> Data under study:
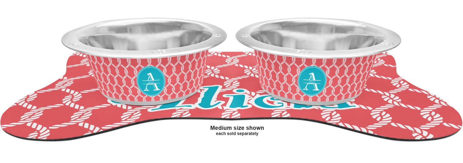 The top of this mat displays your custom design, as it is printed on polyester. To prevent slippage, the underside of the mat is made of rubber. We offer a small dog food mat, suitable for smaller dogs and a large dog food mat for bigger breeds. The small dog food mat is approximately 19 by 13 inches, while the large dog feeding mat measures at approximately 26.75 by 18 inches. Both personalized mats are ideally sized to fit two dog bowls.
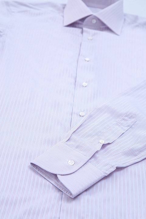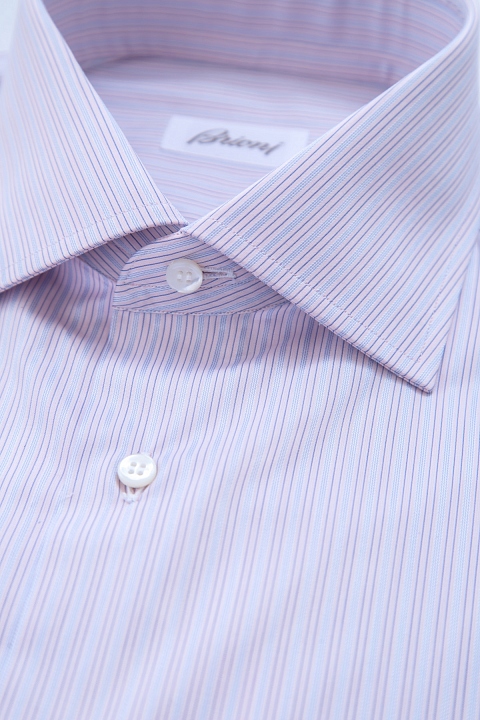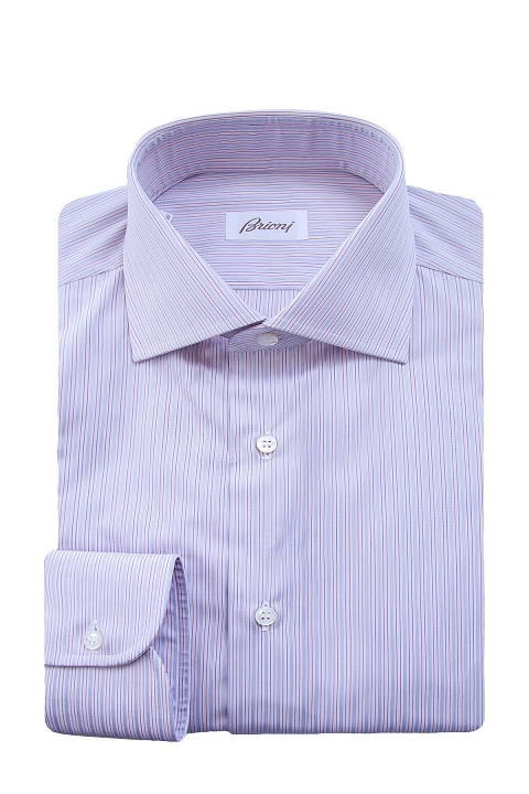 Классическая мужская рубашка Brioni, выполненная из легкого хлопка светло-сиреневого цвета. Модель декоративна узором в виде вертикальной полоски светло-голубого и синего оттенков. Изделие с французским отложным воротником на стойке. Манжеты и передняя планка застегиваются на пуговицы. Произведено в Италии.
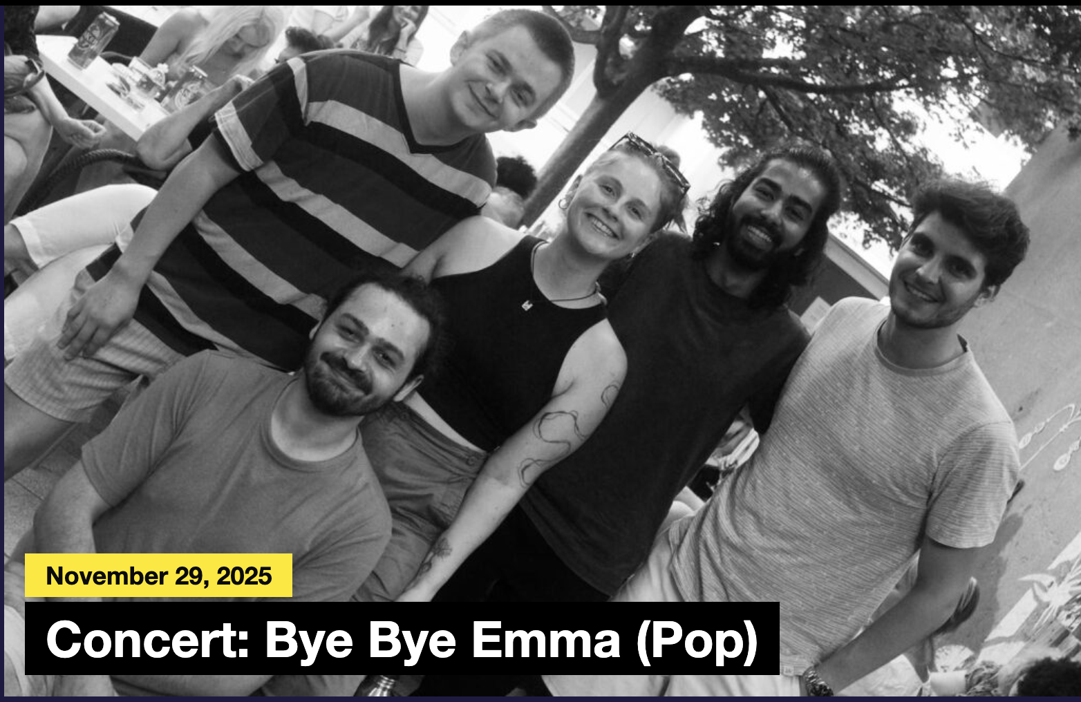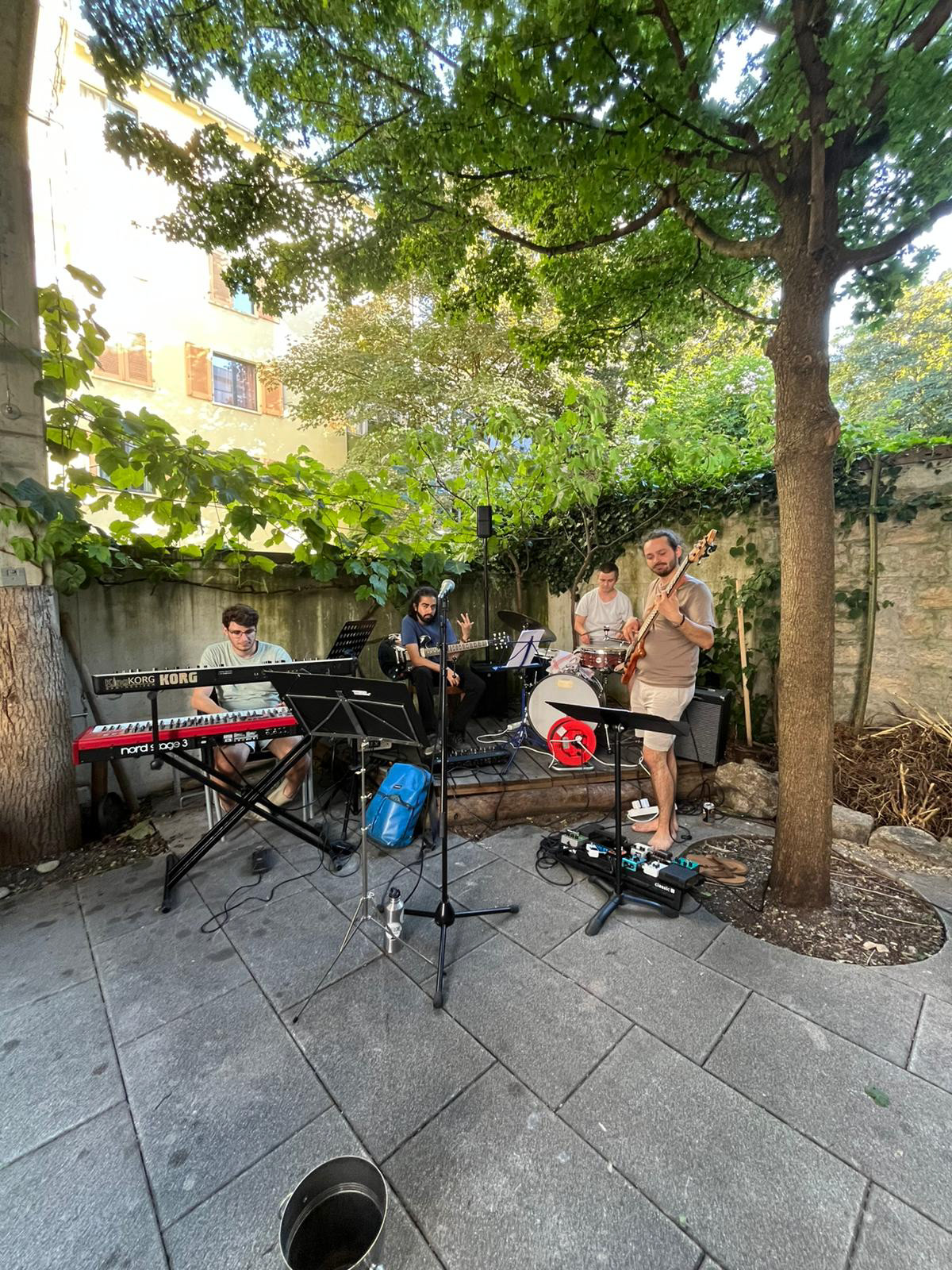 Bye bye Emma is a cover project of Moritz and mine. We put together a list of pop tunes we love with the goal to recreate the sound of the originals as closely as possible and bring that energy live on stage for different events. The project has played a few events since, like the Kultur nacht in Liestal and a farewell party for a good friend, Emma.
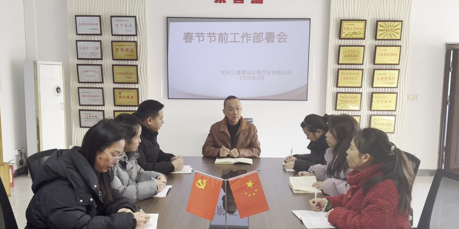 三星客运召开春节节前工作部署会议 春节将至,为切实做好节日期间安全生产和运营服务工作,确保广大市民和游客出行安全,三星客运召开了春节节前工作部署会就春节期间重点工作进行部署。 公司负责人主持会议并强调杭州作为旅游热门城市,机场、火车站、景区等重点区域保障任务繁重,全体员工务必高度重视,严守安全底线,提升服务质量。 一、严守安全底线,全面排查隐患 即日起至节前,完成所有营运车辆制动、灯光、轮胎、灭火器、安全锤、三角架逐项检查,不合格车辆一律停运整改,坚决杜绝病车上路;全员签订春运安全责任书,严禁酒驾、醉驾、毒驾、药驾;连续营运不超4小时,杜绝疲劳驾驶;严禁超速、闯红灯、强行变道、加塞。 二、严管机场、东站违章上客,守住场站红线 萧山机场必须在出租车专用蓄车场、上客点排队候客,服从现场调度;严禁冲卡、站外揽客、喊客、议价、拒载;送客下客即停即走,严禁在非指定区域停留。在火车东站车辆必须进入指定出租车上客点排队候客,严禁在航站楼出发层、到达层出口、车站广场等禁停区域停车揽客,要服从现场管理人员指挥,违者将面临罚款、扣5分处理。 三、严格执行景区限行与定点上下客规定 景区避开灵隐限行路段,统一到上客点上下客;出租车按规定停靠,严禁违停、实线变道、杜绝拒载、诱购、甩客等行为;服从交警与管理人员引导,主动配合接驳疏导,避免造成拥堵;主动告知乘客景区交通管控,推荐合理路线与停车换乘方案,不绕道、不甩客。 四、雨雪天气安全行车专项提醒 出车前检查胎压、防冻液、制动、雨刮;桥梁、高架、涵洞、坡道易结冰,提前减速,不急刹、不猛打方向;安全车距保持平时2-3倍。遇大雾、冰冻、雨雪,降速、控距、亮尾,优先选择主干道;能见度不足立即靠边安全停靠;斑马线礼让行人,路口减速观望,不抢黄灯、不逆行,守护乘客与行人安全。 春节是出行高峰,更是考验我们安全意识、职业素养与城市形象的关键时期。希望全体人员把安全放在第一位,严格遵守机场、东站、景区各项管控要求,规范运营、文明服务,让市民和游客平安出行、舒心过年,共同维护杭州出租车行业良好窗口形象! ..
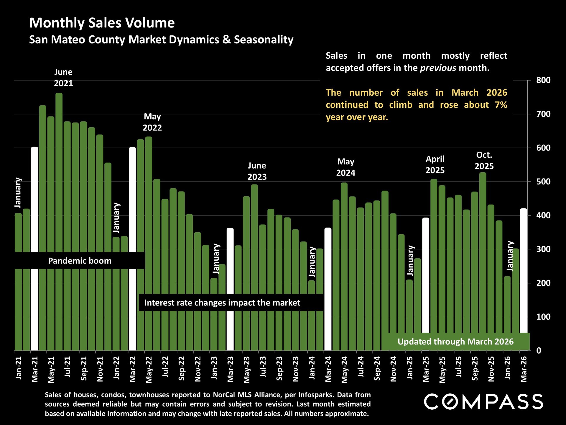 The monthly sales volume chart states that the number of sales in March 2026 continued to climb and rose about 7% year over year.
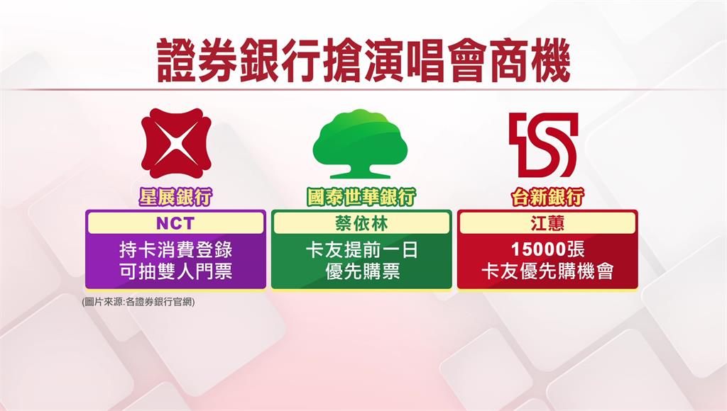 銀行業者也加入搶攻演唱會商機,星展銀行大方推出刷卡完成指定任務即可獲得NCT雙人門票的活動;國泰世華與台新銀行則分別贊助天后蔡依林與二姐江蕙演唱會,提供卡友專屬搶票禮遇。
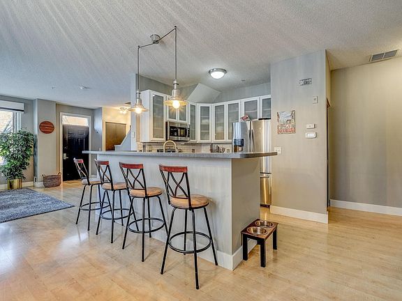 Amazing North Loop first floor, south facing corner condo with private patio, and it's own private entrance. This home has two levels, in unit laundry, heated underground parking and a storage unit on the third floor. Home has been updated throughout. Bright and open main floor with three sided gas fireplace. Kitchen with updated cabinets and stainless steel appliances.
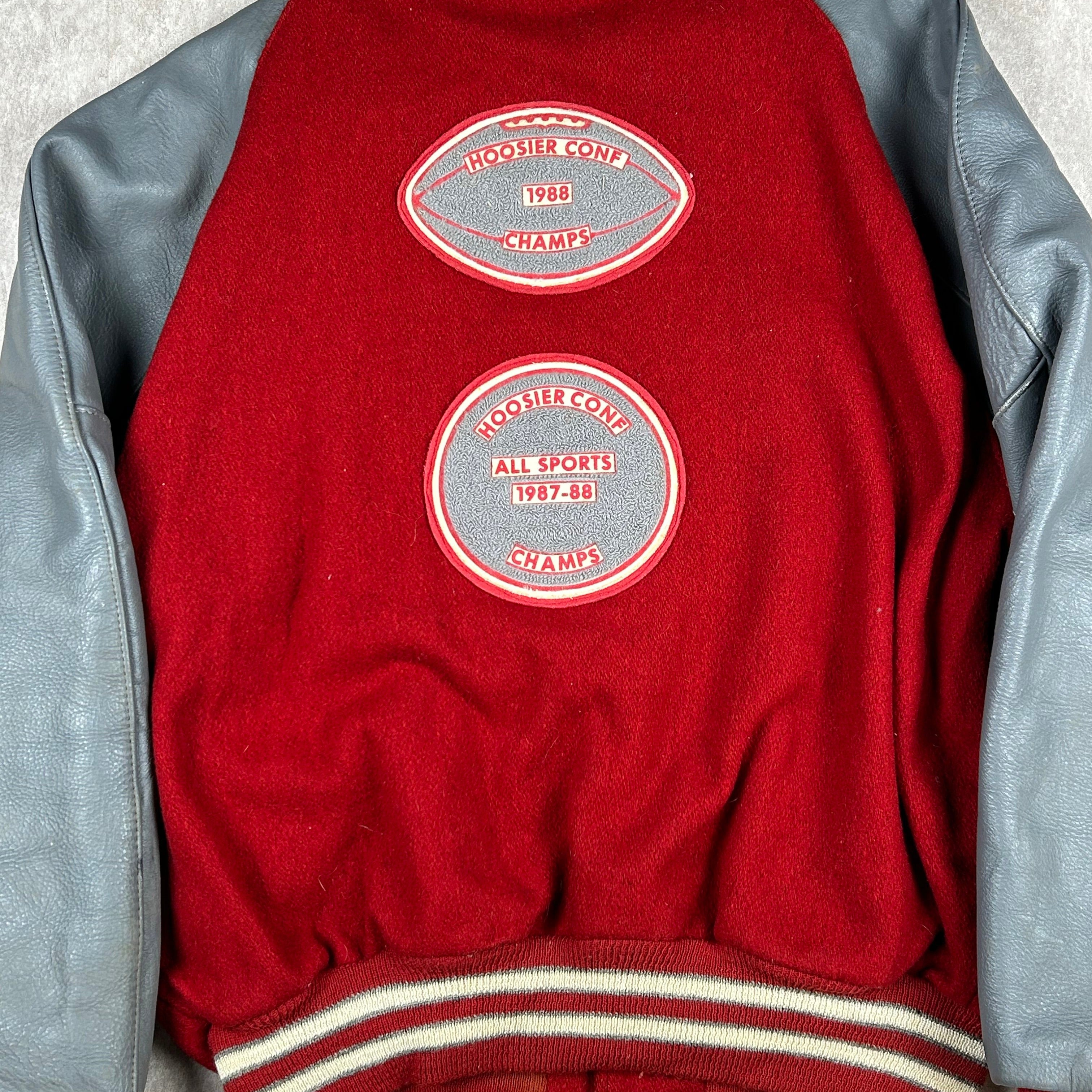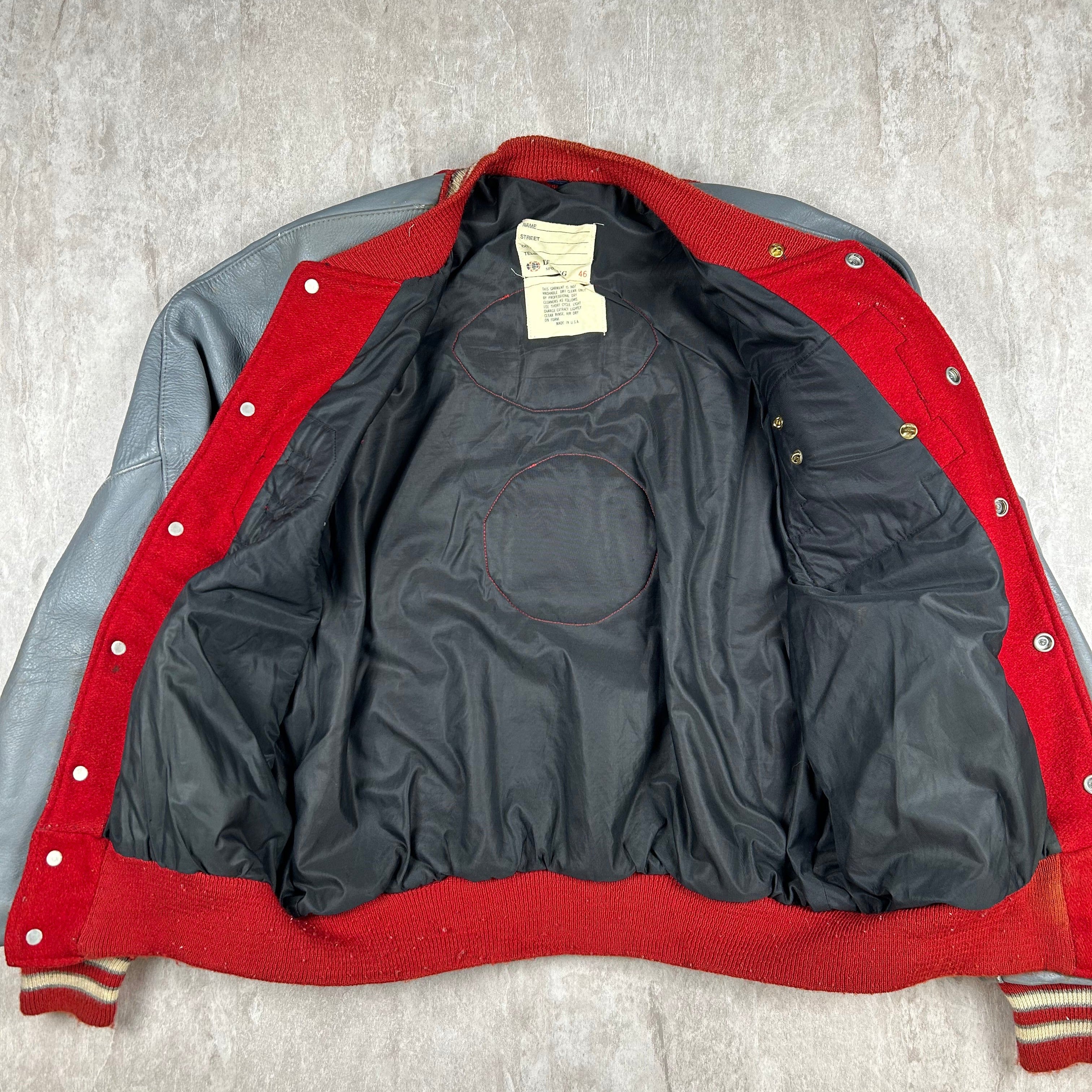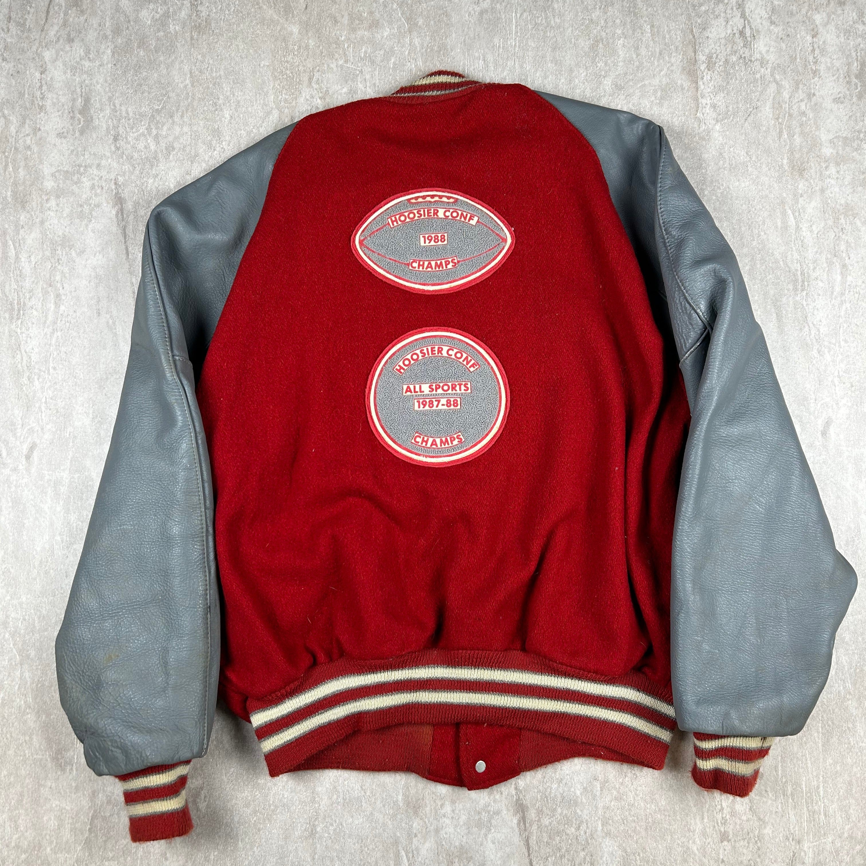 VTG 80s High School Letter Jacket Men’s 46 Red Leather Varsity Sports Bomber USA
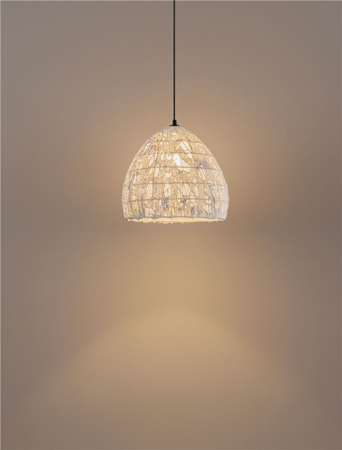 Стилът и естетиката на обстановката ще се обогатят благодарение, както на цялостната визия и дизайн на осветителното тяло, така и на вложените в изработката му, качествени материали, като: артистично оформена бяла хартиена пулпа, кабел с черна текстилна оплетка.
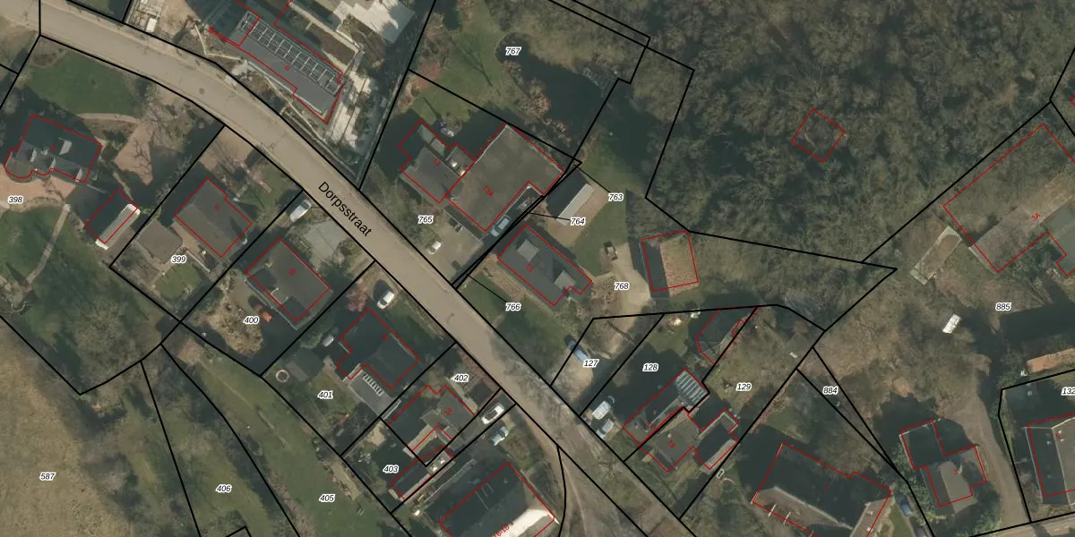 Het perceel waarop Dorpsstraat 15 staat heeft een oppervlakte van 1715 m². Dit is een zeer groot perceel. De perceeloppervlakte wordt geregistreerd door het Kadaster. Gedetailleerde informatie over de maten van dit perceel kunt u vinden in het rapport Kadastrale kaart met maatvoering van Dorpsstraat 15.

> Work to complete:
Output the listing above in full and exactly, with pictures excluded.

> Your response:
 The top of this mat displays your custom design, as it is printed on polyester. To prevent slippage, the underside of the mat is made of rubber. We offer a small dog food mat, suitable for smaller dogs and a large dog food mat for bigger breeds. The small dog food mat is approximately 19 by 13 inches, while the large dog feeding mat measures at approximately 26.75 by 18 inches. Both personalized mats are ideally sized to fit two dog bowls.
 Классическая мужская рубашка Brioni, выполненная из легкого хлопка светло-сиреневого цвета. Модель декоративна узором в виде вертикальной полоски светло-голубого и синего оттенков. Изделие с французским отложным воротником на стойке. Манжеты и передняя планка застегиваются на пуговицы. Произведено в Италии.
 Bye bye Emma is a cover project of Moritz and mine. We put together a list of pop tunes we love with the goal to recreate the sound of the originals as closely as possible and bring that energy live on stage for different events. The project has played a few events since, like the Kultur nacht in Liestal and a farewell party for a good friend, Emma.
 三星客运召开春节节前工作部署会议 春节将至,为切实做好节日期间安全生产和运营服务工作,确保广大市民和游客出行安全,三星客运召开了春节节前工作部署会就春节期间重点工作进行部署。 公司负责人主持会议并强调杭州作为旅游热门城市,机场、火车站、景区等重点区域保障任务繁重,全体员工务必高度重视,严守安全底线,提升服务质量。 一、严守安全底线,全面排查隐患 即日起至节前,完成所有营运车辆制动、灯光、轮胎、灭火器、安全锤、三角架逐项检查,不合格车辆一律停运整改,坚决杜绝病车上路;全员签订春运安全责任书,严禁酒驾、醉驾、毒驾、药驾;连续营运不超4小时,杜绝疲劳驾驶;严禁超速、闯红灯、强行变道、加塞。 二、严管机场、东站违章上客,守住场站红线 萧山机场必须在出租车专用蓄车场、上客点排队候客,服从现场调度;严禁冲卡、站外揽客、喊客、议价、拒载;送客下客即停即走,严禁在非指定区域停留。在火车东站车辆必须进入指定出租车上客点排队候客,严禁在航站楼出发层、到达层出口、车站广场等禁停区域停车揽客,要服从现场管理人员指挥,违者将面临罚款、扣5分处理。 三、严格执行景区限行与定点上下客规定 景区避开灵隐限行路段,统一到上客点上下客;出租车按规定停靠,严禁违停、实线变道、杜绝拒载、诱购、甩客等行为;服从交警与管理人员引导,主动配合接驳疏导,避免造成拥堵;主动告知乘客景区交通管控,推荐合理路线与停车换乘方案,不绕道、不甩客。 四、雨雪天气安全行车专项提醒 出车前检查胎压、防冻液、制动、雨刮;桥梁、高架、涵洞、坡道易结冰,提前减速,不急刹、不猛打方向;安全车距保持平时2-3倍。遇大雾、冰冻、雨雪,降速、控距、亮尾,优先选择主干道;能见度不足立即靠边安全停靠;斑马线礼让行人,路口减速观望,不抢黄灯、不逆行,守护乘客与行人安全。 春节是出行高峰,更是考验我们安全意识、职业素养与城市形象的关键时期。希望全体人员把安全放在第一位,严格遵守机场、东站、景区各项管控要求,规范运营、文明服务,让市民和游客平安出行、舒心过年,共同维护杭州出租车行业良好窗口形象! ..
 The monthly sales volume chart states that the number of sales in March 2026 continued to climb and rose about 7% year over year.
 銀行業者也加入搶攻演唱會商機,星展銀行大方推出刷卡完成指定任務即可獲得NCT雙人門票的活動;國泰世華與台新銀行則分別贊助天后蔡依林與二姐江蕙演唱會,提供卡友專屬搶票禮遇。
 Amazing North Loop first floor, south facing corner condo with private patio, and it's own private entrance. This home has two levels, in unit laundry, heated underground parking and a storage unit on the third floor. Home has been updated throughout. Bright and open main floor with three sided gas fireplace. Kitchen with updated cabinets and stainless steel appliances.
 VTG 80s High School Letter Jacket Men’s 46 Red Leather Varsity Sports Bomber USA
 Стилът и естетиката на обстановката ще се обогатят благодарение, както на цялостната визия и дизайн на осветителното тяло, така и на вложените в изработката му, качествени материали, като: артистично оформена бяла хартиена пулпа, кабел с черна текстилна оплетка.
 Het perceel waarop Dorpsstraat 15 staat heeft een oppervlakte van 1715 m². Dit is een zeer groot perceel. De perceeloppervlakte wordt geregistreerd door het Kadaster. Gedetailleerde informatie over de maten van dit perceel kunt u vinden in het rapport Kadastrale kaart met maatvoering van Dorpsstraat 15.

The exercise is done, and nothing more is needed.